Alternatively, AT’s can also use the CASA tools. Especially this can be a more efficient way to chain a number of small image operations, as for example Ingest_AT would do if region selection and primary beam correction are used.

### CubeSpectrum_AT¶

Description

CubeSpectrum_AT will compute one (or more) typical spectra from a spectral line cube. They are stored in a CubeSpectrum_BDP, which also contains a graph of intensity versus frequency. For certain types of cubes, these can be effectively used in LineID_AT to identify spectral lines.

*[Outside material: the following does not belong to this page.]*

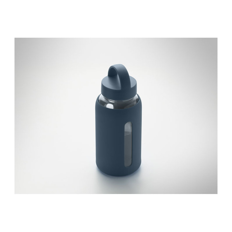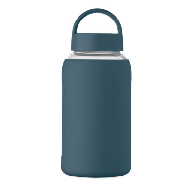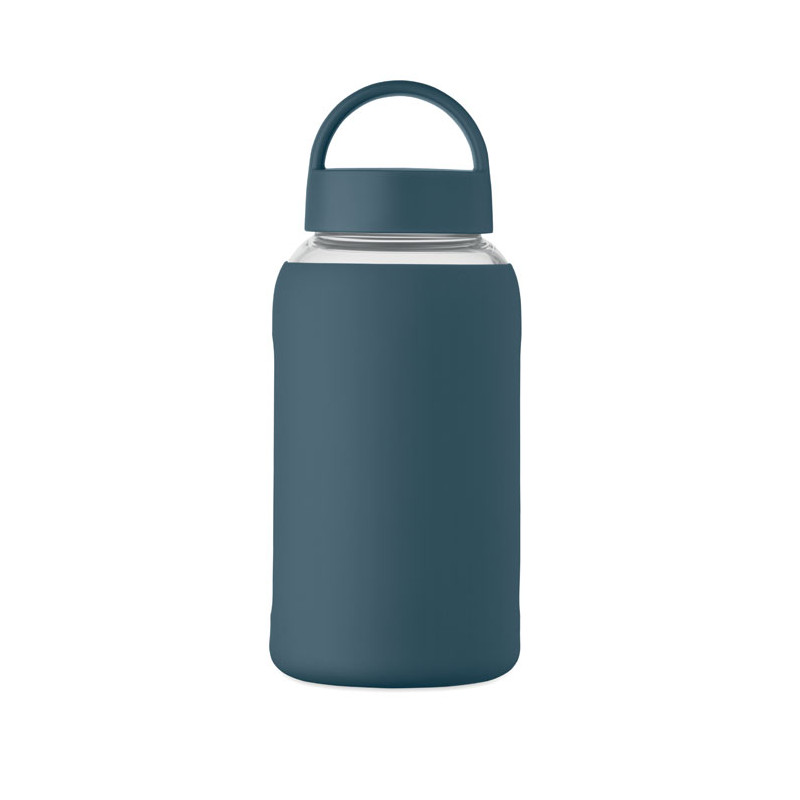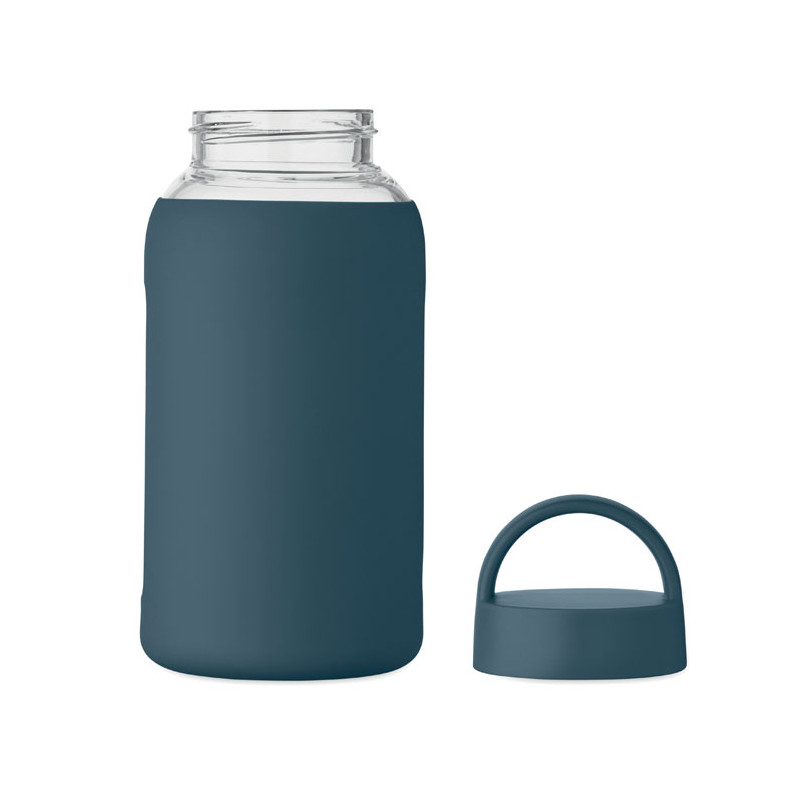 High borosilicate glass bottle with silicone pouch and PP lid with handle. Capacity: 600 ml

The selection of which point will be used for the spectrum is of course subject to user input, but some automated options can be given. For example, the brightest point in the cube can be used. The reference pixel can be used. The size around this point can also be chosen, but this is not a recommended procedure, as it can affect the LineID_AT procedure, since it will smooth out (but increase S/N) the spectrum if large velocity gradients are present. If more S/N is needed, CubeStats_AT or PVCorr_AT can be used.

Note in an earlier version, the SpectralMap_AT would allow multiple points to be used. We deprecated this, in favor of allowing this AT to create multiple points instead of just one. Having multiple spectra, much like what is done in PVCorr_AT, cross-correlations could be made to increase the line detection success rate.

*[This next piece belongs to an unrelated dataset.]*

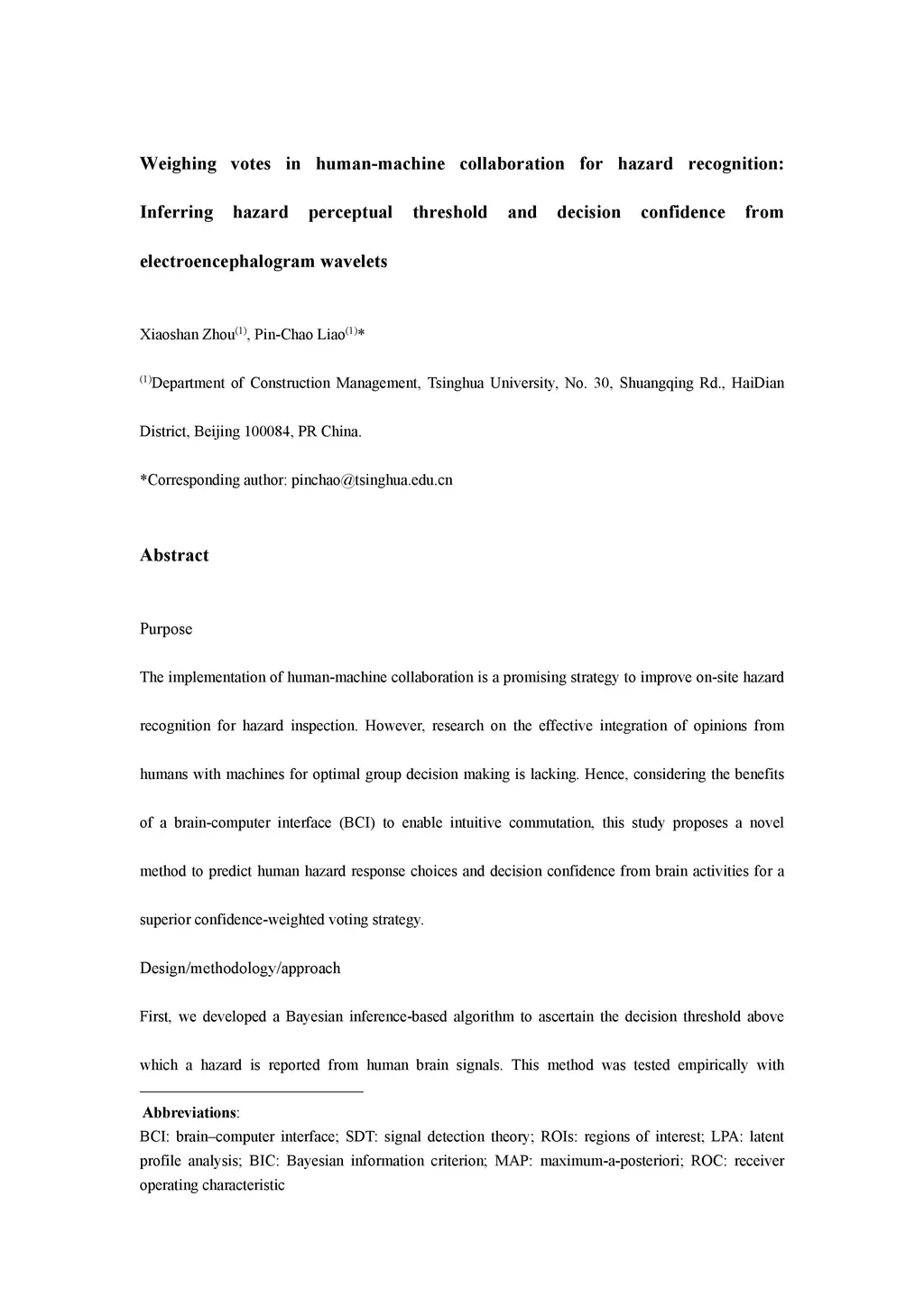 Purpose: Human-machine collaboration is a promising strategy to improve hazard inspection. However, research on the effective integration of opinions from humans with machines for optimal group decision making is lacking. Hence, considering the benefits of a brain-computer interface (BCI) to enable intuitive commutation, this study proposes a novel method to predict human hazard response choices and decision confidence from brain activities for a superior confidence-weighted voting strategy. Methodology: First, we developed a Bayesian inference-based algorithm to ascertain the decision threshold above which a hazard is reported from human brain signals. This method was tested empirically with electroencephalogram (EEG) data collected in a laboratory setting and cross-validated using behavioral indices of the signal detection theory. Subsequently, based on numerical simulations, the decision criteria for low-, medium-, and high-confidence level differentiations characterized by parietal alpha-band EEG power were determined. Findings : The investigated hazard recognition task was described as a process of probabilistic inference involving a decision uncertainty evaluation. The results demonstrated the feasibility of EEG measurements in observing human internal representations of hazard discrimination. Moreover, the optimal criteria to differentiate between low-, medium-, and high-confidence levels were obtained by benchmarking against an optimal Bayesian observer. Originality: This research demonstrates the potential of a BCI as an effective channel for telecommunication, laying the foundation for the design of future hazard detection techniques in the collaborative human-machine systems research field.

This AT used to be called PeakSpectrum in an earlier revision.

Use Case

This task is probably one of the first to run after ingestion, and will quickly be able to produce a representative spectrum through the cube, giving the user ideas how to process these data. If spectra are taken through multiple points, a diagram can be combined with a CubeSum centered around a few spectra.

Input BDPs

• SpwCube_BDP - The cube through from which the spectra are drawn. Required. Special values xpeak,ypeak are taken from this cube.
• CubeSum_BDP - An optional BDP describing the image that represents the sum of all emission. The peak(s) in this map can be selected for the spectra drawn. This can also be a moment-0 map from a LineCube.
• FeatureList_BDP - An optional BDP describing features in an image or cube, from which the RA,DEC positions can be used to draw the spectra.

Input Keywords

• points - One (or more) points where the spectrum is computed. Special names are for special points: xpeak,ypeak are for using the position where the peak in the cube occurs. xref,yref are the reference position (CRPIX in FITS parlor).
• size - Size of region to sample over. Pixels/Arcsec. Square/Round. By default a single pixel is used. No CASA regions allowed here, keep it simple for now.
• smooth - Some smoothing option applied to the spectrum. Use with caution if you want to use this BDP for LineID.

Output BDPs

• CubeSpectrum_BDP - A table containing one or more spectra. For a single spectrum the intensity vs. frequency is graphically saved. For multiple spectra (the original intent of the deprecated SpectralMap_AT) it should combine the representation of a CubeSum_BDP with those of the Spectra around it, with lines drawn to the points where the spectra were taken.

Procedure

After making a selection through which point the spectrum is taken, grabbing the values is straightforward. For example, the imval task in CASA will do this.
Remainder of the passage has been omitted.